Archives & Library

Damaged & Destroyed

Three Stories of Preservation and Loss from the PMC’s Photographic Archive Spotlight feature by Freddie Pegram

In 2021, the Paul Mellon Centre (PMC) will be publishing its photographic archive online. The archive comprises more than 100,000 reproductions of paintings, prints, photographs, and sculptures. The photographs, which were taken over a forty-year period between the early 1960s to the late 1990s, offer images of objects from across six centuries, and focus in particular on sixteenth- to nineteenth-century British art.

This feature focuses on a selection of the damaged and destroyed works that are recorded in the Centre’s photographic archive, and uses them to suggest some of the values and limitations of such archives.

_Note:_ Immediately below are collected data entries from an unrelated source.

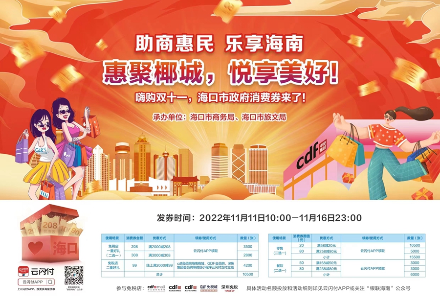11月11日至16日,海口又有消費券發放,快看領券攻略→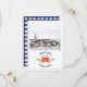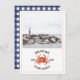 En rustik nautiska bröllop spara datum med en illustration av en röd krabba med anpassningsbar på framsidan. Baksidan är blå och vit gingham.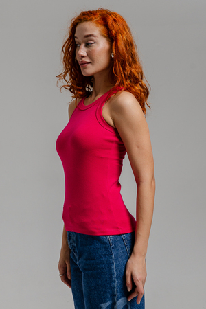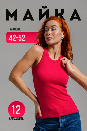 Трикотажная спортивная майка из мягкого хлопка, приталенная, идеально сочетается с джинсами, жакетами, шортами.
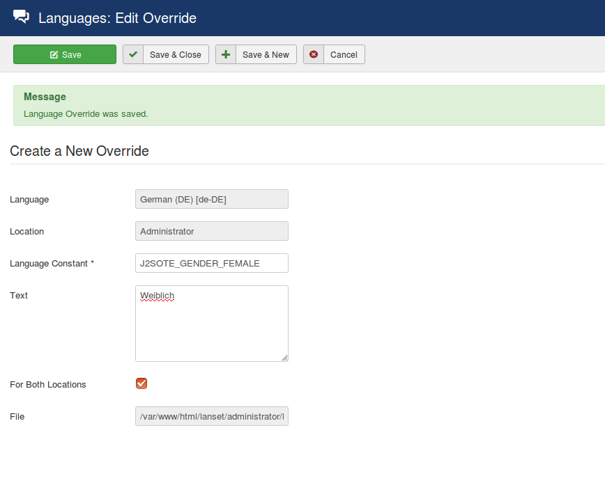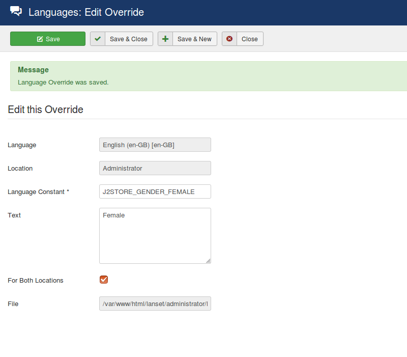 Click the new button and create a override for the constant: J2STORE_FILTER_GENDER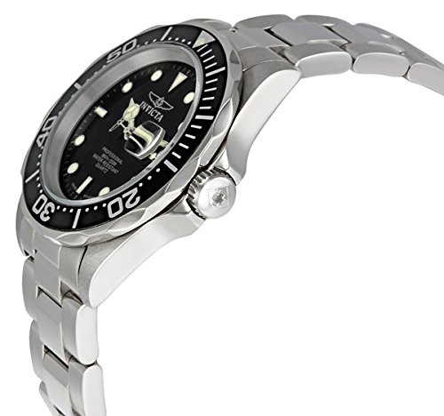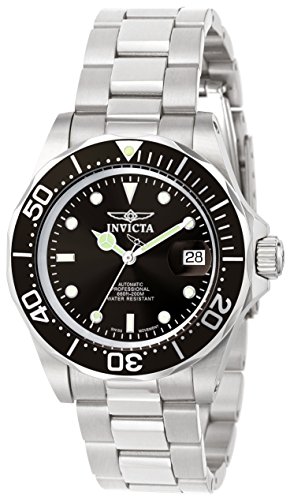 Studio : Invicta Publisher : Invicta Binding : Watch Amazon.com This Invicta Maco Swiss Pro Diver watch exhibits a handsome styling that belies its rugged utility. The shock-resistant stainless-steel, 43-millimeter round case boasts a unidirectional black bezel that measures elapsed time up to an hour. Protected by an anti-reflective, hard mineral crystal with magnifier, the jet-black dial features Trinite luminous white hands and hour markers, and a date window in the 3 o'clock position. This timepiece is showcased on a stainless-steel, 20-millimeter band with a polished-silver finish, and a diver buckle with safety clasp. Simply elegant and supremely resilient, this analog watch is driven by a Swiss quartz movement, and is water resistant to a depth of 660 feet. Pro Diver Collection Plunge into any horizon using the steadfast guidance of the Invicta Pro Diver. Stylishly classic, internal workings are forged with variations of either Swiss chronograph or 21-jewel automatic movements and willingly navigate in depths up to 300 meters. Built with confident prowess, the fortitude with which these timepieces function makes the Pro Diver the quintessential in performance. Screw Down Crowns: Many Invicta watches are equipped with a screw down crown to help prevent water infiltration. This is most common on our Diver models. In order to adjust the date and/or time on such a watch, you must first unscrew the crown before you can gently pull it out to its first or second click stop position. To do this, simply rotate the crown counterclockwise until it springs open. When you have finished setting the watch, the crown must then be pushed in and screwed back in tightly. Not doing so will cancel the water resistance of the watch and will void all warranties from the manufacturer. Overall, this process should not require a lot of effort or force. 0 |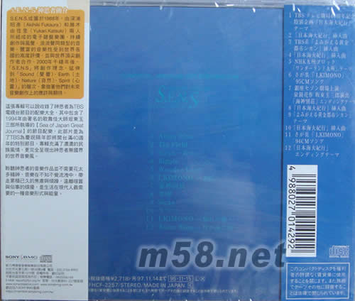 藍色心情(日本版)(m58.net) S.E.N.S成團於1988年,由深浦昭彥(Akihiki Fukaura)和勝木由佳里(Yukari Katsuki)兩人所組成的電子鍵盤樂團,持續創作與風聲、波浪聲同類型的音樂。豐富的音樂性受到世界各國的高度評價,并與世界頂尖創作者合作。2000年千禧年后,「S.E.N.S」將創作理念,延伸到「Sound(聲響),Earth(土地),Nature(自然),Spirit(心靈)」的層次,象徵著他們對未來音樂創作上的應許與期待。 這張專輯可以說收不了神思者為TBS電視臺節目的配樂大全,其中包含了1994年由著名的歌舞技大師坂東玉三郎所執尋的[sea of japan great journal]的節目擊者配樂,此部片是為了TBS為度祝隔年即將開臺滿40周年的特別兇目,專輯充滿濃濃的民族風情,更完全呈現也神思者無國界的世界音樂風. 聆聽神思者的音樂作品并不需要花太多精神,音樂在不知不覺流浪中,帶走累積已久的焦慮與煩惱,遠離喧囂與谷事煩惱,是生活在現代人最需要的一種音樂形式與能量.

It takes the form of three stories. The first offers a glimpse into the work and tragic life of the largely forgotten eighteenth-century artist Hugh Robinson; the second looks at four portraits of women associated with a titled Scottish family, the Rothes, which were totally destroyed during a high-profile warehouse fire in 1997; and the third looks at a damaged sketchbook by the nomadic Georgian artist George Chinnery.

Each of these stories offers a distinct point of entry into the Paul Mellon Centre’s rich photographic archive. And each, in turn, suggests some of the different ways in which we might think about the photographs of lost, destroyed or damaged pictures that are to be found buried within its crowded contents.